● Problem to work on
Copy, word for word, the lines of the listing below from the line with "Geboortekaartje giraf met" up to and including the line with "Tuhansien vuosien ajan". Drop the pictures.

Data for analysis section start

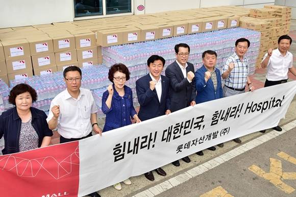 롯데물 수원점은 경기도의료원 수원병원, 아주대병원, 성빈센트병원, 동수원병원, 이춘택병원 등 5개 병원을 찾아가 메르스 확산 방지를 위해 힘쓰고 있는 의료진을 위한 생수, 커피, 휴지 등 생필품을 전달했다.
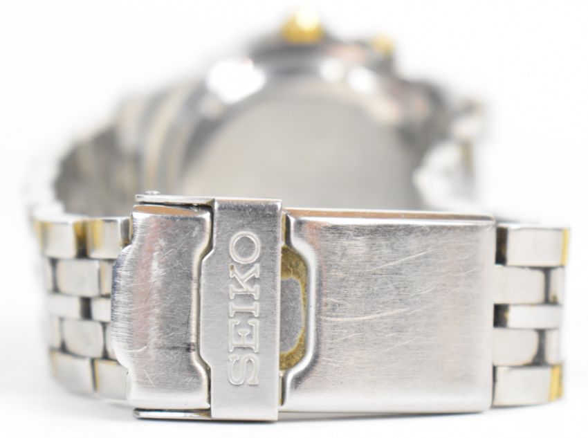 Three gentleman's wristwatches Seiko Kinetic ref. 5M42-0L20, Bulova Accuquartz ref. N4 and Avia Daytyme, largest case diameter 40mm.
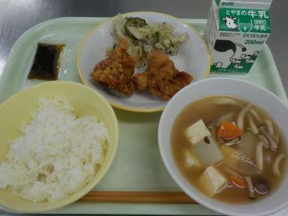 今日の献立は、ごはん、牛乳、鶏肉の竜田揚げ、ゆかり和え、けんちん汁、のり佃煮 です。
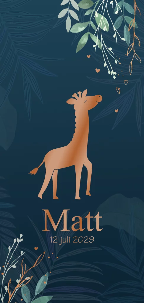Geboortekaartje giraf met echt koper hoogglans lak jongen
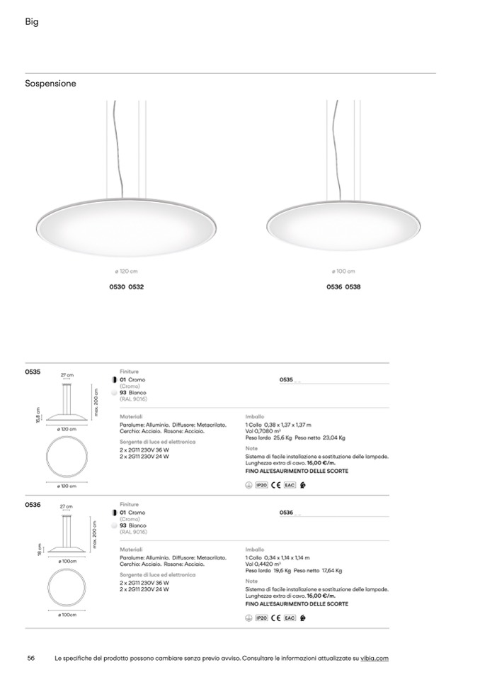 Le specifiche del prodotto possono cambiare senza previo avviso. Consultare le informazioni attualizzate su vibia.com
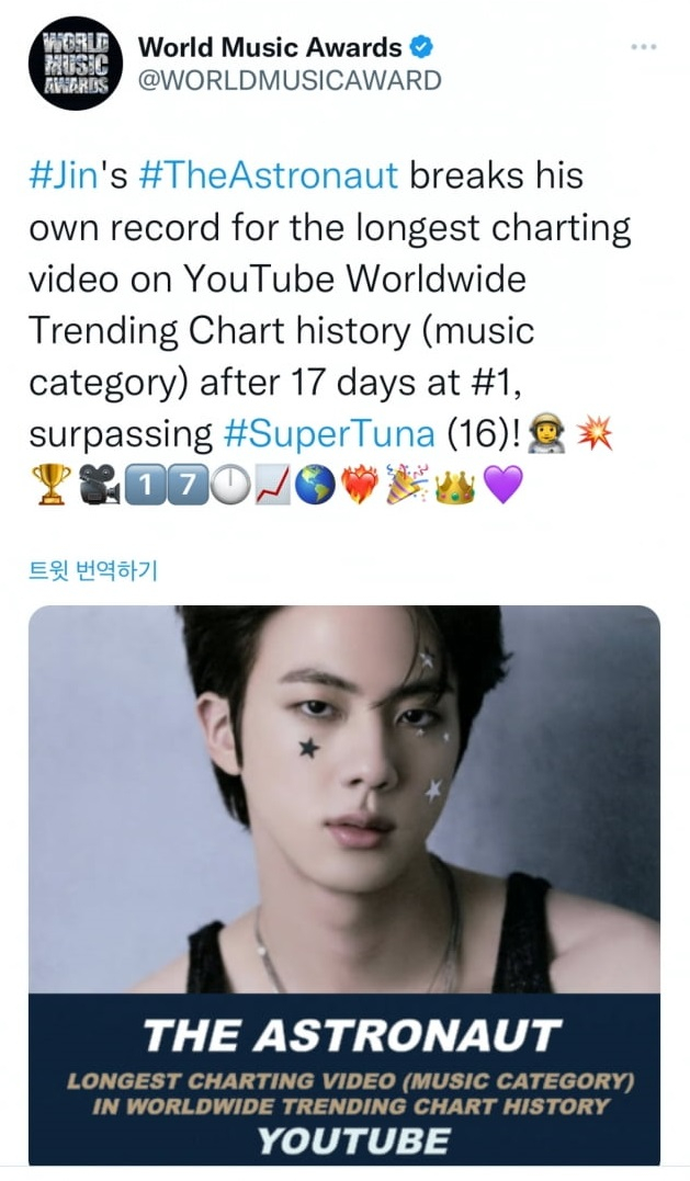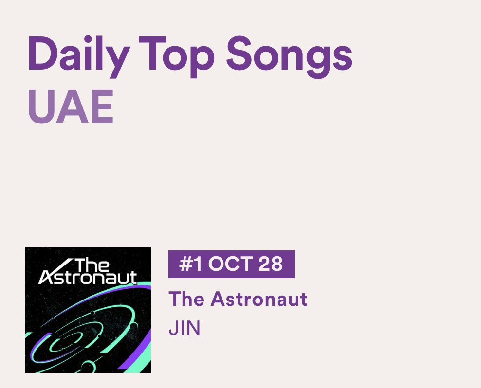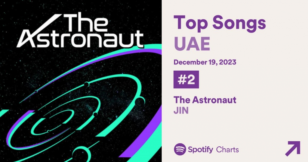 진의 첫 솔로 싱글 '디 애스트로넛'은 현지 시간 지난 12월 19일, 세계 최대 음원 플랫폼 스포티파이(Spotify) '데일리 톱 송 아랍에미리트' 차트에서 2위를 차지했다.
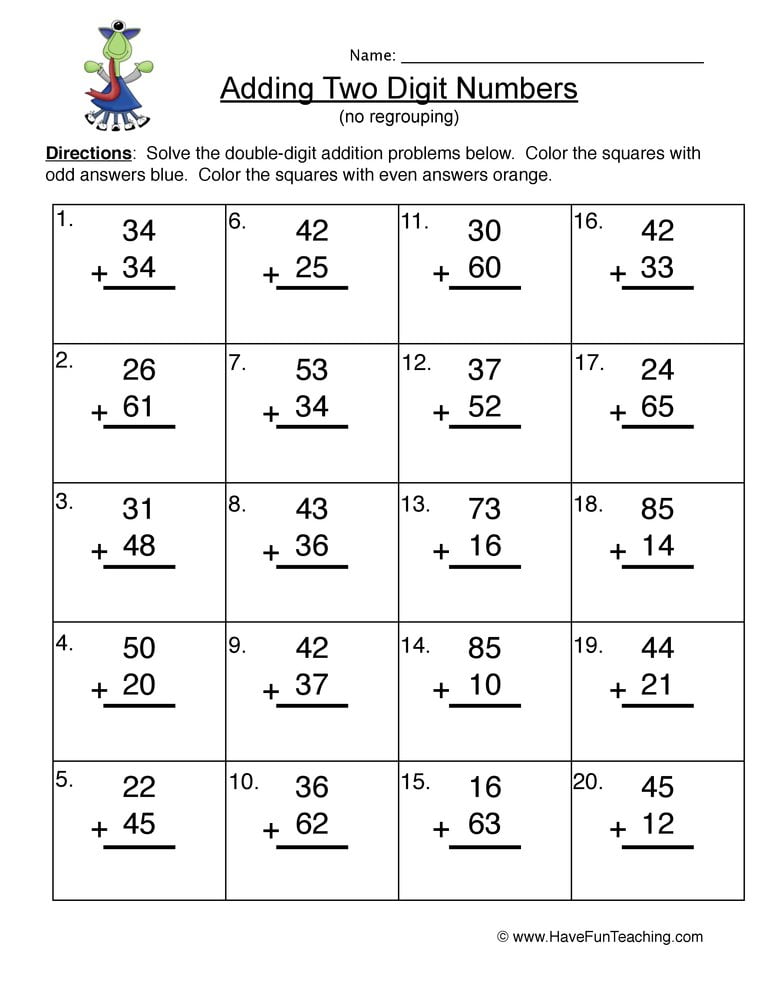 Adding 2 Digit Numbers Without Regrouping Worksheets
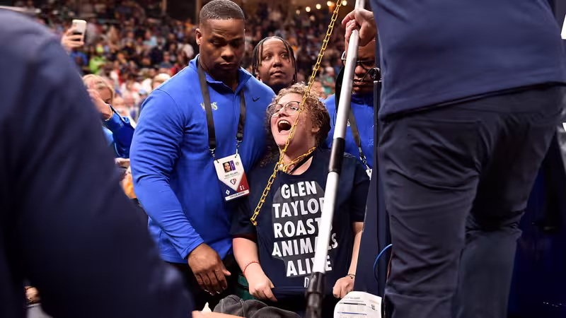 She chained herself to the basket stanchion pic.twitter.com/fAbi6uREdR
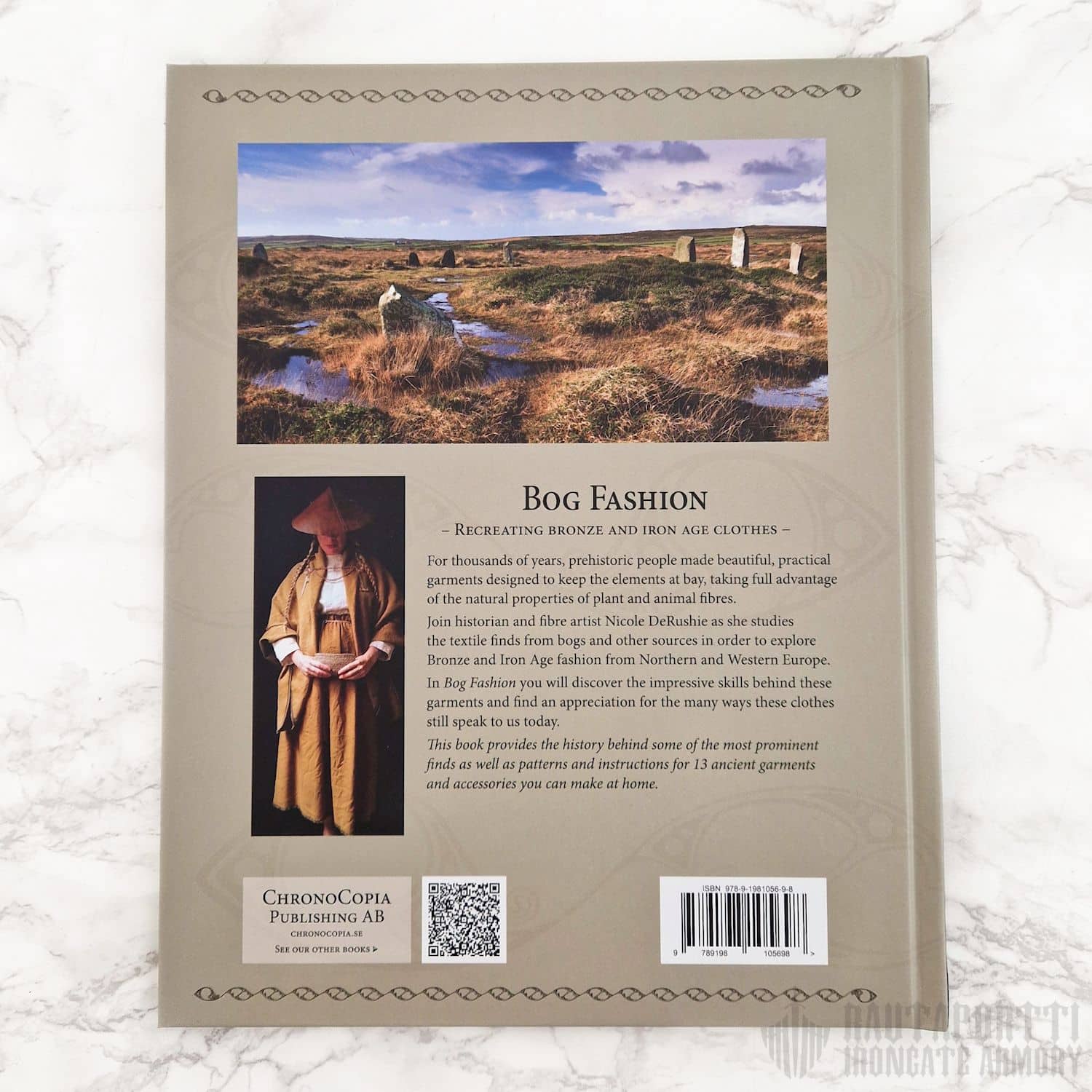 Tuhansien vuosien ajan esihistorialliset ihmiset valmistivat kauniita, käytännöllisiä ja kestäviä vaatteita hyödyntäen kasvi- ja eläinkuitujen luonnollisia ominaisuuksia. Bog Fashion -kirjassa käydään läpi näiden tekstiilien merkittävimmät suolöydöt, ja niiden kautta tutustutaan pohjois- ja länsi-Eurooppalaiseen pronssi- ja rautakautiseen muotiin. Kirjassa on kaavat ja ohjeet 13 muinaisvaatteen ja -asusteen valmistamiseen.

Data for analysis section end
Data for analysis section start

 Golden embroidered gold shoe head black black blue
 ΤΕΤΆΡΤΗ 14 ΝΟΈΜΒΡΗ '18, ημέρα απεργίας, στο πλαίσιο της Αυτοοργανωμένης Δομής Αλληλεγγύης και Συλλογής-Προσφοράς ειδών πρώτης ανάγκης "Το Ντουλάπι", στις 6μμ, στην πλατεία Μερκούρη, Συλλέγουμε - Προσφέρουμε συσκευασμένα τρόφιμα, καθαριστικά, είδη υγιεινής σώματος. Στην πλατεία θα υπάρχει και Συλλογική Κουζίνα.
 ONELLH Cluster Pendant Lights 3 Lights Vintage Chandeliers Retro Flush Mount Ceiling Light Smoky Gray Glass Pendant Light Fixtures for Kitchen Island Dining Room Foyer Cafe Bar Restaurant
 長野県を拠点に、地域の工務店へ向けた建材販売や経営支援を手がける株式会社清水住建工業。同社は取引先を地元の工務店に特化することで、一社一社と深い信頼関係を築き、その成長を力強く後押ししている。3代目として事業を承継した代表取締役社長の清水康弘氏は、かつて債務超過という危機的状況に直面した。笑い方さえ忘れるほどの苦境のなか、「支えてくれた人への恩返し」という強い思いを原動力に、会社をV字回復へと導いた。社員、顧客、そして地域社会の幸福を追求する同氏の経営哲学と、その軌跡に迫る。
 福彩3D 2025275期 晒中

Data for analysis section end
Data for analysis section start

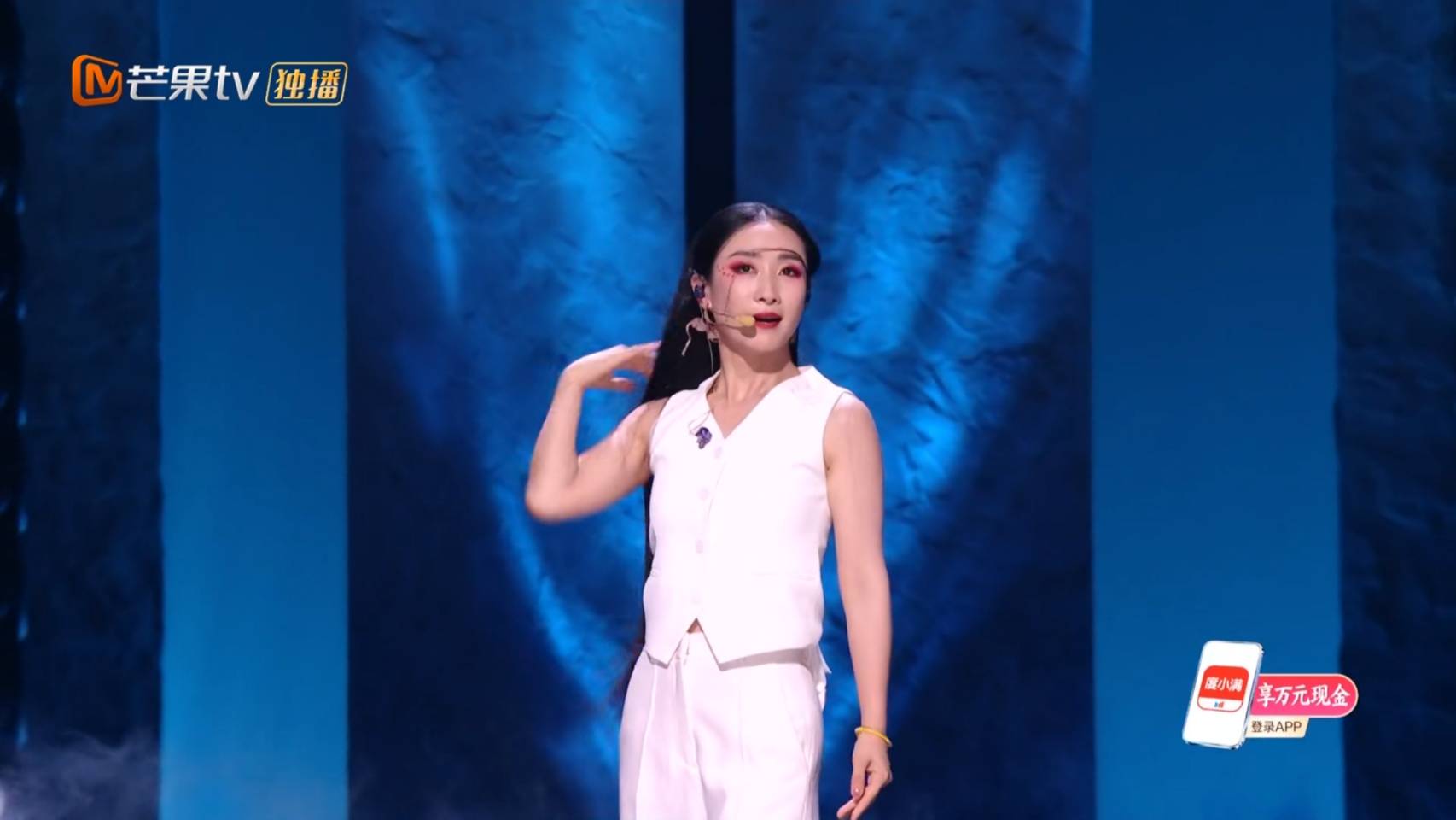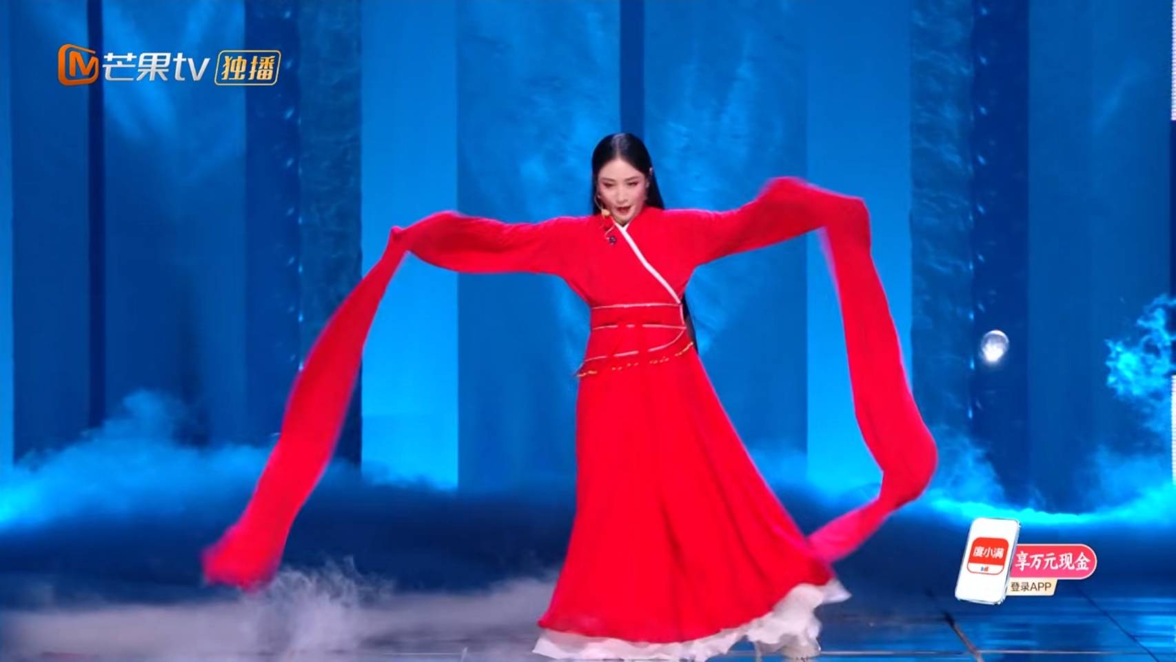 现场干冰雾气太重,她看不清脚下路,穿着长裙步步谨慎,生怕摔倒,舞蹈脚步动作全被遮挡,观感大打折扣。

Data for analysis section end

● Problem solution
Geboortekaartje giraf met echt koper hoogglans lak jongen
 Le specifiche del prodotto possono cambiare senza previo avviso. Consultare le informazioni attualizzate su vibia.com
 진의 첫 솔로 싱글 '디 애스트로넛'은 현지 시간 지난 12월 19일, 세계 최대 음원 플랫폼 스포티파이(Spotify) '데일리 톱 송 아랍에미리트' 차트에서 2위를 차지했다.
 Adding 2 Digit Numbers Without Regrouping Worksheets
 She chained herself to the basket stanchion pic.twitter.com/fAbi6uREdR
 Tuhansien vuosien ajan esihistorialliset ihmiset valmistivat kauniita, käytännöllisiä ja kestäviä vaatteita hyödyntäen kasvi- ja eläinkuitujen luonnollisia ominaisuuksia. Bog Fashion -kirjassa käydään läpi näiden tekstiilien merkittävimmät suolöydöt, ja niiden kautta tutustutaan pohjois- ja länsi-Eurooppalaiseen pronssi- ja rautakautiseen muotiin. Kirjassa on kaavat ja ohjeet 13 muinaisvaatteen ja -asusteen valmistamiseen.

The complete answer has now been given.